*** DATA FOR THE TASK Section Begins ***

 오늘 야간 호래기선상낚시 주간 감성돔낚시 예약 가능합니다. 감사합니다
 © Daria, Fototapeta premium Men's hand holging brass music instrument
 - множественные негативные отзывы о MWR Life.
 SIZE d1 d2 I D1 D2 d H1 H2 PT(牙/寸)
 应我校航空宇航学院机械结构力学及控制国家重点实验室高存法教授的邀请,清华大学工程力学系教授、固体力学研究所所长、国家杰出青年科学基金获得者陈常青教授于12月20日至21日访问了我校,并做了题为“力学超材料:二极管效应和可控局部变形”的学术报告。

*** DATA FOR THE TASK Section Ends ***
*** DATA FOR THE TASK Section Begins ***

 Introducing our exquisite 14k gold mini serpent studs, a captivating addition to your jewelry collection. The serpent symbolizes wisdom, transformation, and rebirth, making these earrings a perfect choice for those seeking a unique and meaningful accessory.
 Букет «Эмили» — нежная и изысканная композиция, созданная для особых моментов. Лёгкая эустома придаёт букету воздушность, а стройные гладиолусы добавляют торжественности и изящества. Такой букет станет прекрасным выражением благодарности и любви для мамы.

*** DATA FOR THE TASK Section Ends ***

--- WHAT TO WORK ON ---
All that is wanted is an exact copy of the lines above from the one with "brass music instrument" through the one with "应我校航空宇航学院机械结构力", with both ends included.

--- RESPONSE TO THE TASK ---
 © Daria, Fototapeta premium Men's hand holging brass music instrument
 - множественные негативные отзывы о MWR Life.
 SIZE d1 d2 I D1 D2 d H1 H2 PT(牙/寸)
 应我校航空宇航学院机械结构力学及控制国家重点实验室高存法教授的邀请,清华大学工程力学系教授、固体力学研究所所长、国家杰出青年科学基金获得者陈常青教授于12月20日至21日访问了我校,并做了题为“力学超材料:二极管效应和可控局部变形”的学术报告。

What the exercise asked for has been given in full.